Research Group Epidemiology of Chronic Diseases, Institute of Community Medicine, UiT the Arctic University of Norway, Tromsø, Norway.
Acta Obstet Gynecol Scand. 2022 Jun;101(6):581-588. doi: 10.1111/aogs.14276. Epub 2021 Oct 26.
There are major controversies in screening for gestational diabetes mellitus (GDM). The present study evaluates the impact of the 2017 revised guidelines for GDM screening and a changed definition of GDM in Norway.
We used a case-series design and included women with no pre-pregnancy diabetes mellitus, who gave birth after gestational week 29 to a singleton fetus at the University Hospital of North Norway, Tromsø, or at a local maternity ward in Troms county, during the first 6 months of 2013 (before group, n = 676) and 2018 (after group, n = 673). Data were collected from antenatal records, maternal health information sheets, and electronic medical records (Partus). We assessed the screening criteria age, parity, pre-pregnancy BMI, and ethnicity. Primary outcomes were change in size of the population eligible for GDM screening, screening adherence, and prevalence of GDM, and follow up of GDM (treatment and obstetric risk assessment at gestational week 36). Statistical analyses were done using IBM SPSS with chi-squared test. A p value less than 0.05 was considered statistically significant.
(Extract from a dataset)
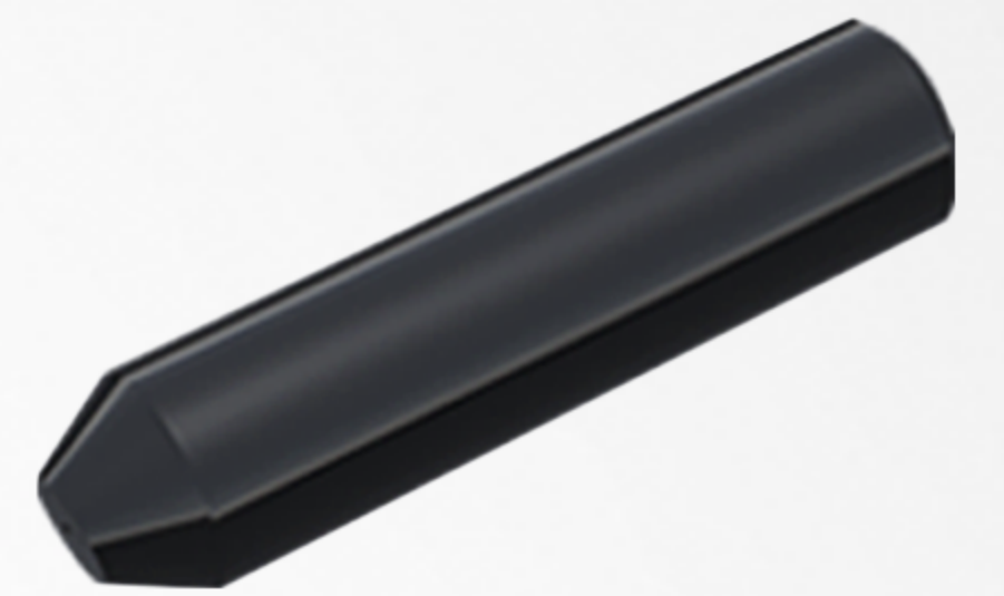
Black LC Ferrule

The proportion of women eligible for GDM screening increased from 46.4% in the before group to 67.6% in the after group (+45%) (p < 0.01). However, screening adherence among eligible women was only 28.3% and 49.2% in the before and after groups, respectively (p < 0.01). Among screened women, 16.9% (15/89) and 10.7% (24/224), respectively, were diagnosed with GDM, resulting in an overall estimated prevalence of 2.2% (15/676) and 3.6% (24/673). Among women diagnosed with GDM, 13.3% received no follow up in 2013 and this proportion was 20.8% in 2018. The remaining women underwent obstetric risk assessment at gestational week 36 as advised in the guidelines.
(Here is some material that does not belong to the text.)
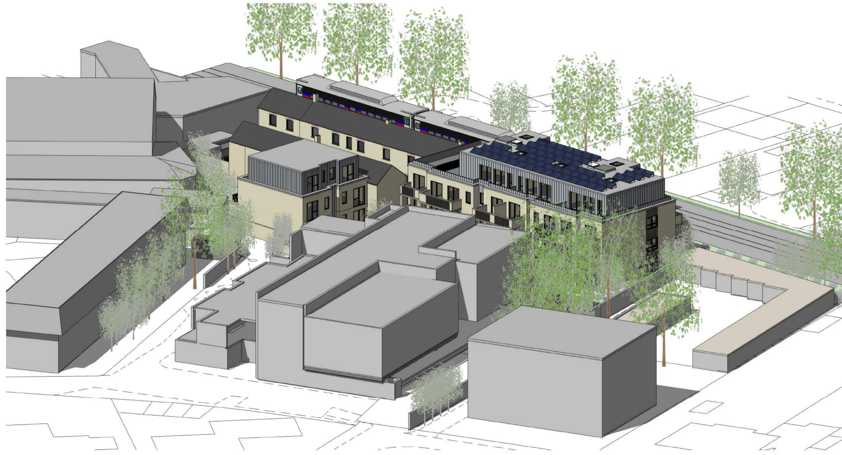
① 3D - East - Proposed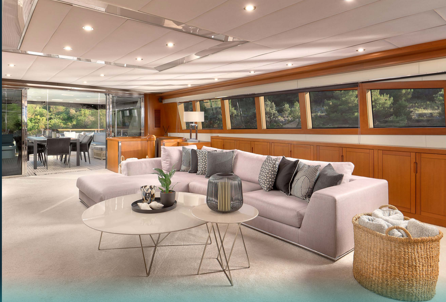
Salon side view

The introduction of broader screening criteria and a more liberal case definition increased the population eligible for GDM screening by 45%. The higher proportion of women screened resulted in an insignificant higher prevalence of GDM. Screening adherence was poor in both study groups. Stakeholders for obstetric care need to consolidate quality measures and revisit the screening algorithm.
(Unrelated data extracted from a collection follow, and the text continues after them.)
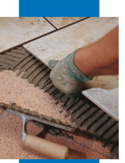
Single-fired tile on terrazzo tile of an external wall

Installation of single-fired tile on expanded foam concrete block walls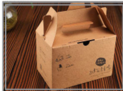
Kids Meal Box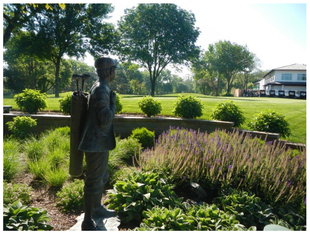
Figure 34. Landscaping at Country Club of Lincoln.

Ideally, 10% or less of the landscaped areas should be zoned for high water use, 30% or less of the area should be zoned for moderate water use, and 60% or more of the landscape should be zoned for low water use.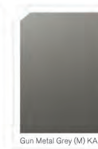
Gun Metal Grey (M) KAD

妊娠期糖尿病(GDM)的筛查存在重大争议。本研究评估了 2017 年 GDM 筛查修订指南和挪威 GDM 定义变化的影响。
我们采用病例系列设计,纳入了 2013 年 6 个月内在北挪威特罗姆瑟大学医院或特罗姆瑟县当地产科病房分娩、无孕前糖尿病的单胎孕妇,妊娠 29 周后至分娩(前组,n=676)和 2018 年(后组,n=673)。数据来自产前记录、产妇健康信息表和电子病历(Partus)。我们评估了筛查标准年龄、产次、孕前 BMI 和种族。主要结局是符合 GDM 筛查条件的人群规模变化、筛查依从性和 GDM 患病率以及 GDM 的随访(治疗和妊娠 36 周时的产科风险评估)。使用 IBM SPSS 进行统计分析,卡方检验。p 值<0.05 被认为具有统计学意义。
符合 GDM 筛查条件的女性比例从前组的 46.4%增加到后组的 67.6%(增加 45%)(p<0.01)。然而,符合条件的女性中筛查依从性仅为前组的 28.3%和后组的 49.2%(p<0.01)。在筛查的女性中,分别有 16.9%(15/89)和 10.7%(24/224)被诊断为 GDM,导致总体估计患病率分别为 2.2%(15/676)和 3.6%(24/673)。在诊断为 GDM 的女性中,2013 年有 13.3%的女性未接受随访,而 2018 年这一比例为 20.8%。其余女性按照指南建议在妊娠 36 周时进行产科风险评估。
更广泛的筛查标准和更宽松的病例定义的引入使符合 GDM 筛查条件的人群增加了 45%。更多女性接受筛查导致 GDM 的患病率略有升高。两个研究组的筛查依从性都很差。产科护理利益相关者需要整合质量措施并重新审视筛查算法。